橋本健太郎さん(以下:橋本) 僕はそんな村上さんに誘われてサウナにどハマりしたんです。2019年の2月ですね、下北沢の高架下に作られたサウナ<CORONA WINTER SAUNA SHIMOKITAZAWA>に誘ってもらって、それをきっかけにアウトドアサウナに急激にハマりまして、気づいた頃には自分でテントサウナを買っていました(笑)。
━━すごいどハマりしてますね(笑)。そのあとすぐに「川とサウナ」を立ち上げたのですか?
橋本 正確にいうと、下北沢のサウナの後に、サウナイベントにも行くようになって。そのなかで<Pop’ Up Sauna Festival/サウナ温め選手権>というイベントがありまして。この選手権は、サウナのストーブに誰が一番早く規定の温度までサウナを暖められるかを競う競技で、その日本初開催がなんと埼玉で行われたんです。ド平日だったのですが、どうしても行きたくて、そのときにテントサウナが売っていて勢いで購入したわけです。それで、「川とサウナ」を立上げました。

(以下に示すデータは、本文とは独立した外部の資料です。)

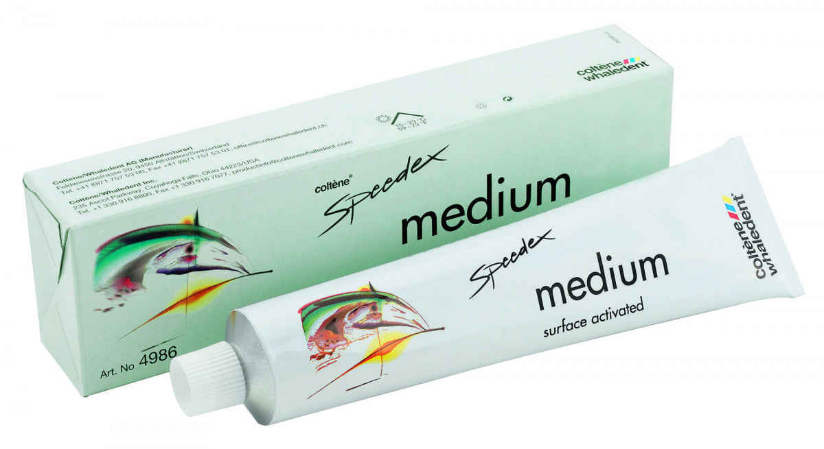 SPEEDEX Silicone tipo C (2ª impronta) indicato per impronta singola simultanea e impronta a due fasi "putty-wash". È caratterizzato da un'ottima stabilità dimensionale, e consente una riproduzione nei minimi dettagli. Tubo da 140 ml - Versione Medium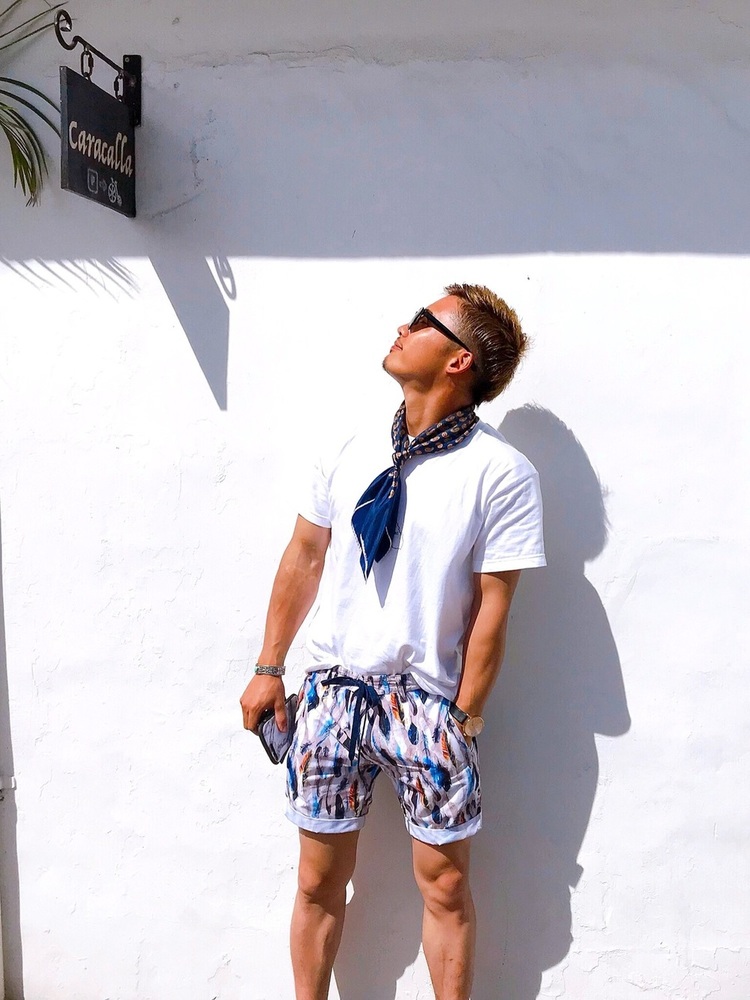 こちらはTシャツにスカーフを合わせ、ボードショーツと着こなしたスタイル。スカーフは夏のコーデにフィットし、シンプルなトップスによく合います。ボードショーツも柄があるのでシンプルなトップスでスマートに着こなすことができていますね。少しオシャレのアクセントを入れたいときにオススメのスカーフ。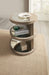 Symmetry and style come together in the Affinity Round Table, featuring three shelves with glass inserts in tapering sizes and a tactile greige sand-blasted finish on Quartered Oak Veneers. The top shelf is 18 ½ wide, the middle shelf is 20 inches wide, and the lower shelf is 22 inches wide.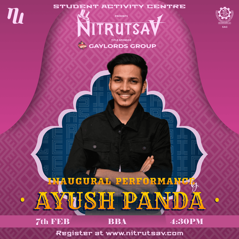 Ayush Panda is set to rock NITRUTSAV 2025! Get ready for a sensational musical evening filled with soulful melodies and electrifying energy. Don’t miss this unforgettable performance!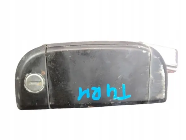 Oikea takakahva VW Transporter T4:lle, OEM-osanumero 701837210. Tämä musta kahva sisältää lukitusmekanismin ja siinä on jonkin verran maalivaurioita. Se on käytetty. Katso kuvaus ja kuvat lisätietoja varten.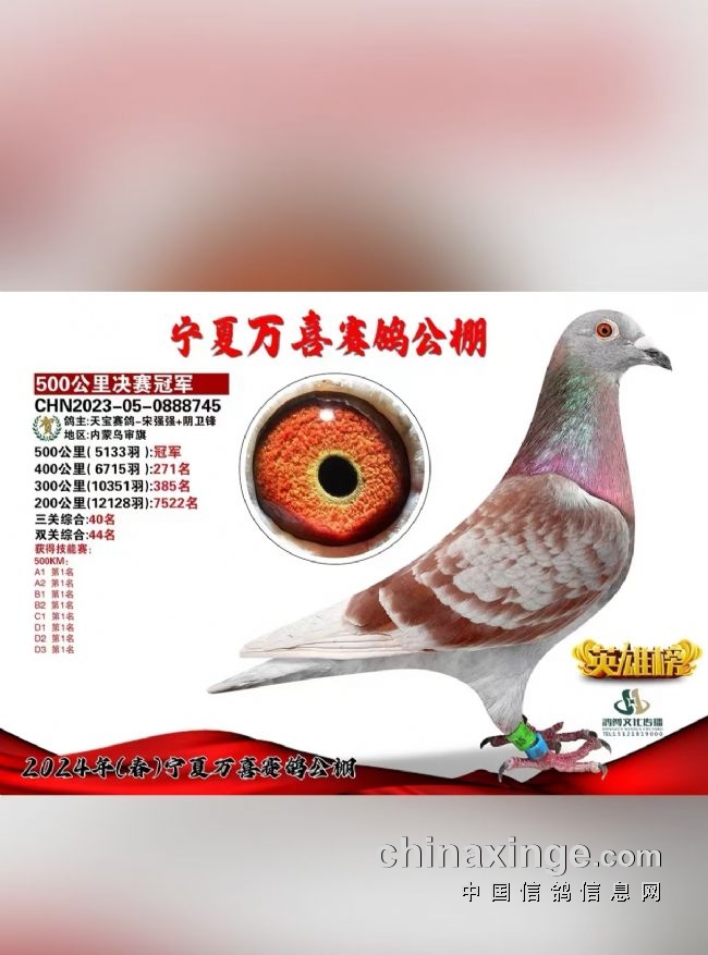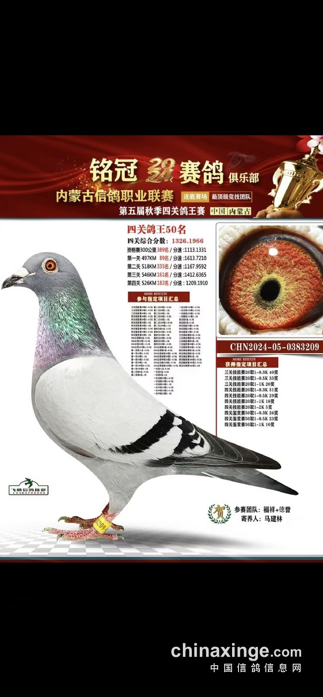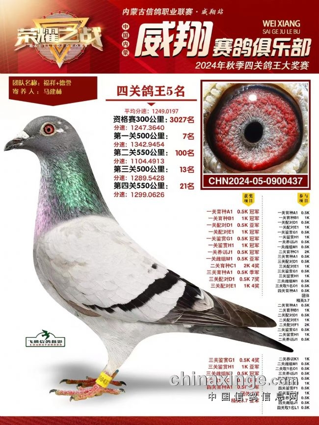 2024年,又获得包头威翔俱乐部四关鸽王5名精英赛亚军,赢得奖金一百多万,君翼公棚四关鸽王冠军,赢得奖金50多万,额尔多斯铭冠俱乐部四关鸽王50名,赢得奖金50多万等。今年在平罗鸽会获得第四关590公里单关5名,8名,四关鸽王13名,19名等,鸽会特比环第四关团体亚军,一步步成长为平罗鸽坛的青年领军人物。

村上 2019年の4〜5月頃ですよね、橋本さんが「川とサウナ」を立ち上げるということで、僕もパートナーとして参加して。そこからこのチームでサウナ関連のことをいろいろとやるようになったんです。
━━すごい勢いですね(笑)。村上さんは趣味ではなく仕事としてサウナのプロジェクトを会社に提案したわけですよね? JR東日本でのサウナ事業、なかなかハードルが高そうですが……!
村上 「川とサウナ」立上げと同時期の2019年の5月に、企画書にまとめて会社に提案しました。アウトドアサウナ事業をやらせて欲しいと。でもその時はまだサウナブームがここまで大きくなる前だったせいか、なか なか賛同を得るのが難しかったんです。提案したときの社内でのリアクションでいうと「なんだそれは!?」って感じです(笑)。もう一歩で実現というところまで行ったのですが、最終的なGOは出ませんでした。
橋本 割と反対されていたんだよね。
村上 一部の方だけですよ(笑)。でも社内で僕が“サウナ、サウナ”とずっと言い続けていたら少しずつ、社内でサウナキャラが浸透していきました。その後、1年後にもう一度、アウトドアサウナ事業について再アタックをしたんです。そのときに、昨年の提案となにが違うのか? と問われたときのことも考えて、僕のなかでいろいろ仕込んで臨みました。提案の2ヶ月前に、ガーラ湯沢のゲレンデに「川とサウナ」で持っているテントサウナをプライベートで持っていって。実際に雪の上に建てて、これがアウトドアサウナです! というものをガーラ湯沢の人たちに直接プレゼンテーションしたんですよ。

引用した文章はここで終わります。